# es una putada!



## syl2o

Oi,
querria saber como se diz isso em Português.
*es una putada!*

Obrigado


Sylvain


----------



## willy2008

syl2o said:


> Oi,
> querria saber como se diz isso em Português.
> 
> Obrigado
> 
> 
> Sylvain[/QUOTE
> É um *sacanagem* ou, é uma* xinga*


----------



## anaczz

O que quer dizer "es una putada"?


----------



## willy2008

Puteada é um insulto,putear a algém é insultar,xingar a outro.


----------



## WhoSoyEu

"Isso é uma sacanagem".


----------



## Mangato

anaczz said:


> O que quer dizer "es una putada"?


 
Una putada, é fazer uma coisa  com  intenção ruim, com perjuizo para alguém. 
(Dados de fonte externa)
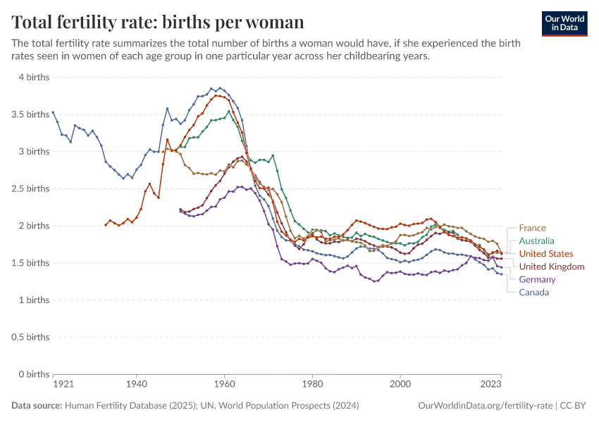 “Data Page: Fertility rate: births per woman”, part of the following publication: Saloni Dattani, Lucas Rodés-Guirao, and Max Roser (2025) - “Fertility Rate”. Data adapted from Human Fertility Database, United Nations. Retrieved from https://admin-refresh-dis.owid.pages.dev/grapher/children-born-per-woman [online resource]How to cite this data
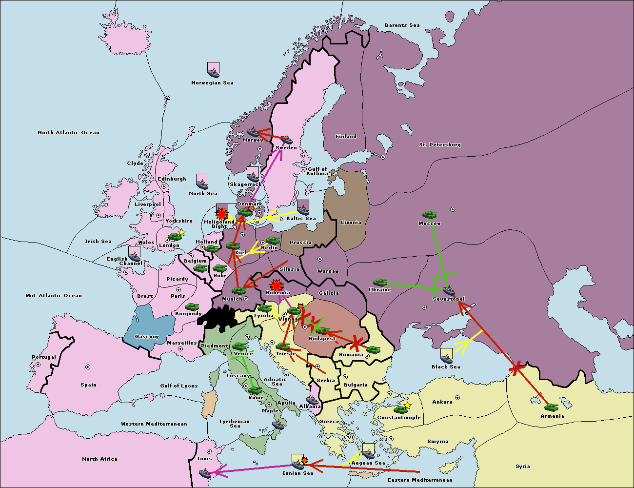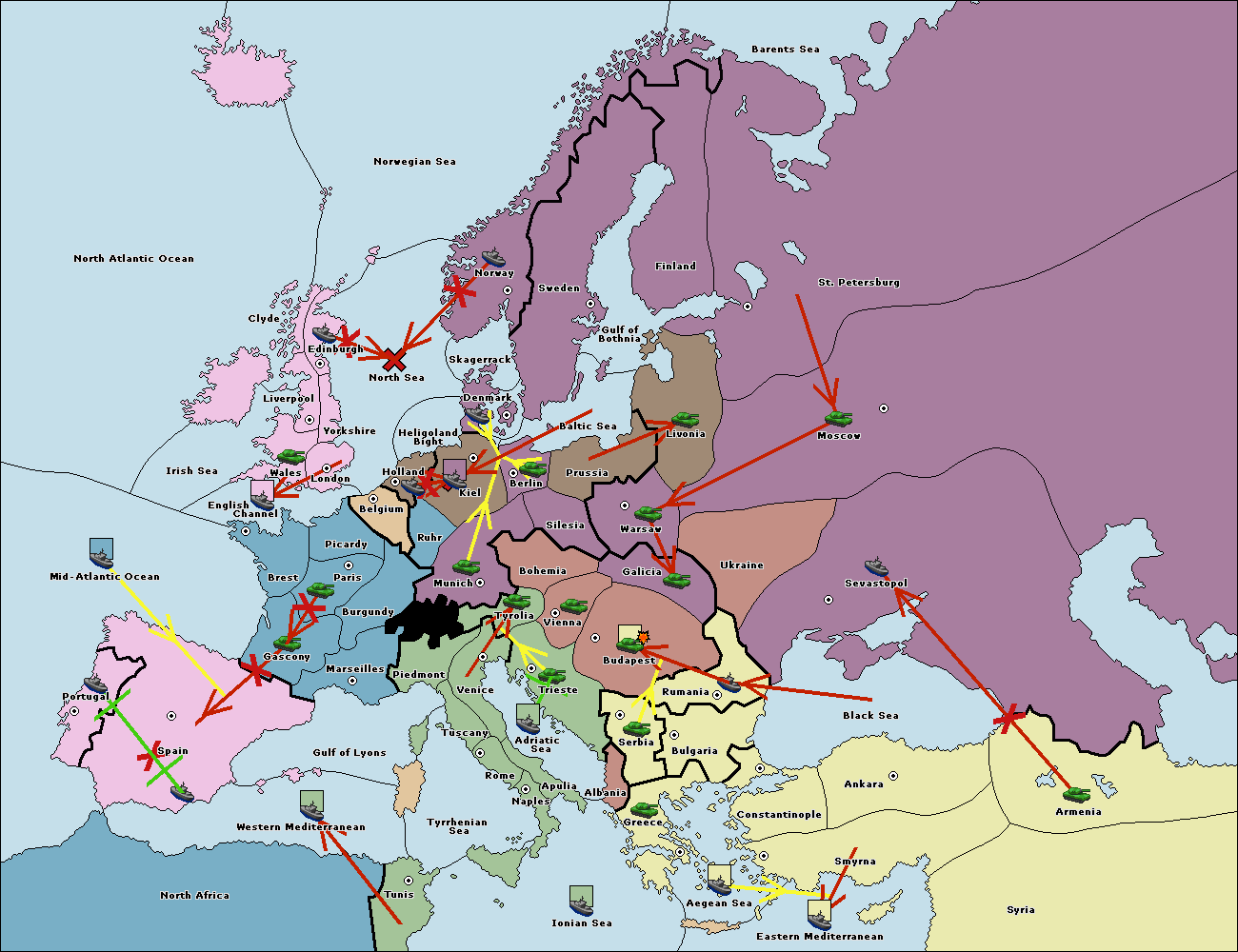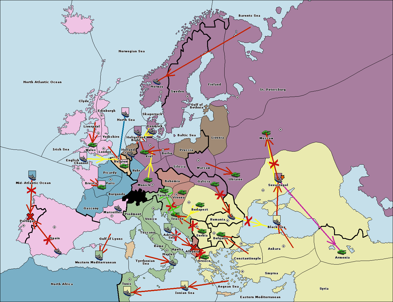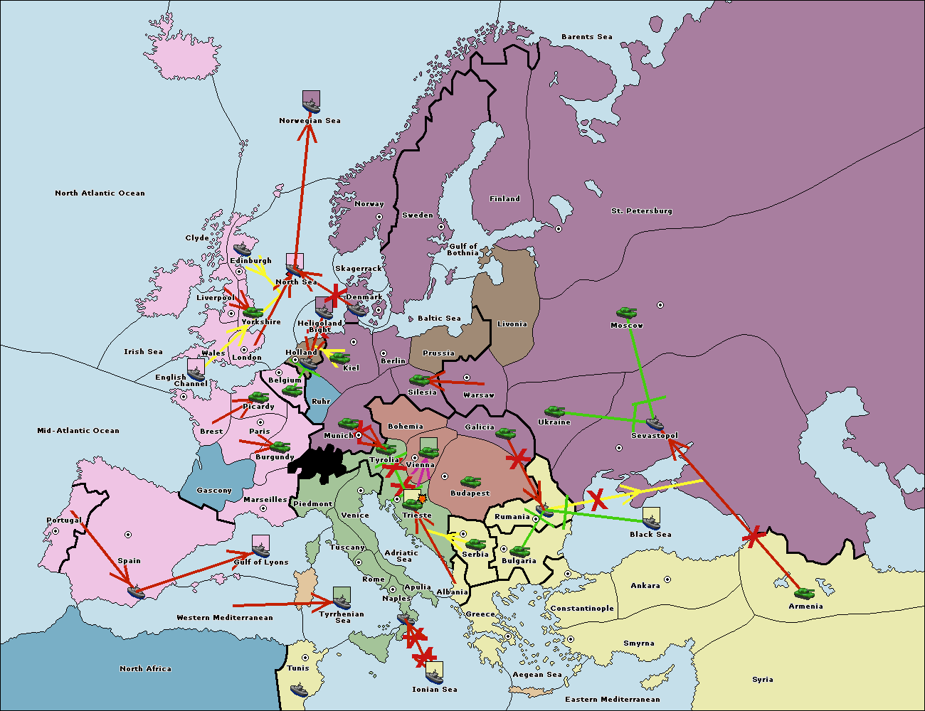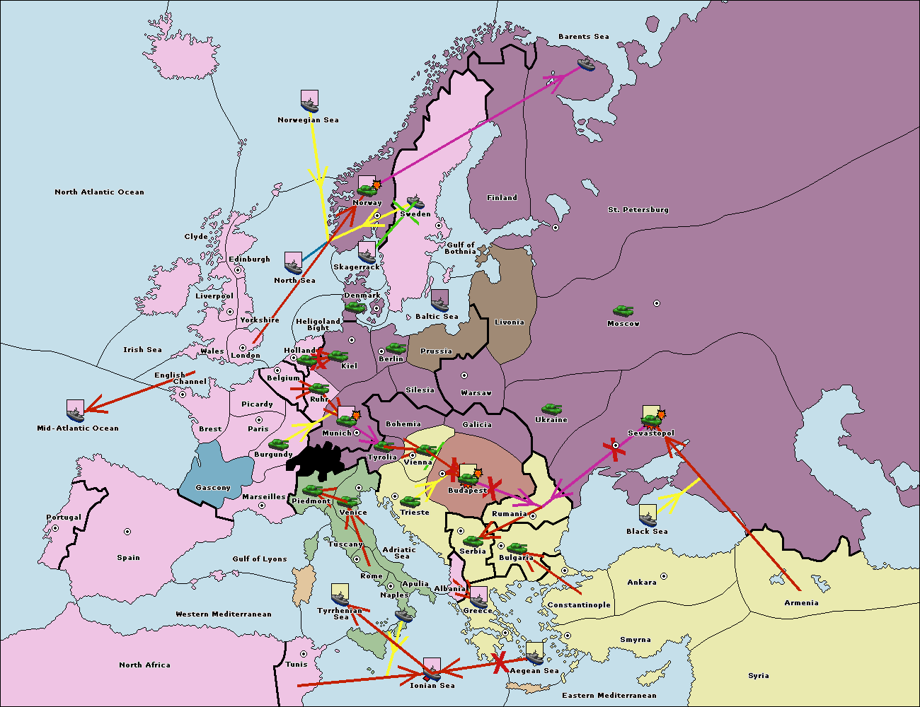 The fleet at Rumania support move to Sevastopol from Armenia.

*1. *f. vulg. *cabronada* (‖ acción malintencionada que perjudica a alguien). (DRAE)


----------



## Carfer

Em Portugal dizemos _'É uma sacanice'._


----------



## sauer

deve ser "isto é uma putaria"


----------



## willy2008

Para que quede claro,y pido perdón por las palabras que voy a usar, putear a alguien es *mandarlo a la p... que lo parió*,* decirle hijo de p...,* etc , o sea uma *sacanagem,* ahora si yo le digo a alguien , sos un* boludo, idiota ,imbécil,*lo estoy insultando(xingando) creo que puteada e insulto corresponden en Brasil a sacanagem y xinga respectivamente, lo que pasa que aquí en Argentina cualquier persona que esté diciendo malas palabras se dice que está puteando,mas allá de las palabras que esté profiriendo.


----------



## Mangato

En España putear se utiliza primordialmente con el sentido de molestar en grado sumo, en muchos casos sinónimo  joderle la vida a alguien o  hacer la vida imposible. En el DRAE aparecen otros significados, relacxionados con la prostitución pero actualmente el significado que damos al verbo es el el indicado anteriormete
Si lo que entiendo por putaria equivale a puterío, poco o nada que ver con putear, fuera de la etimología. Se utiliza para referise al ambiente y modo de vida de la prostitución y su entorno. Algunas veces lo utilizamos también como equivalente a bagunça.


----------



## Brica

Olá Sylvain!! "Es una putada" seria en português: é uma putaria. Quer dizer, um comportamento desonesto, que causa dano a outros.
Por exemplo: O que ele fez com os alunos foi uma putaria.


----------



## Carfer

Brica said:


> Olá Sylvain!! "Es una putada" seria en português: é uma putaria. Quer dizer, um comportamento desonesto, que causa dano a outros.
> Por exemplo: O que ele fez com os alunos foi uma putaria.


 
Possivelmente no Brasil, em Portugal certamente que não. O único próximo equivalente que me ocorre seria _'foi uma filha-de-putice'. _A _'putaria_' em Portugal é o conjunto (o grupo social) das putas e, claro, é ofensivo.


----------



## WhoSoyEu

Carfer said:


> Possivelmente no Brasil, em Portugal certamente que não. O único próximo equivalente que me ocorre seria _'foi uma filha-de-putice'. _A _'putaria_' em Portugal é o conjunto (o grupo social) das putas e, claro, é ofensivo.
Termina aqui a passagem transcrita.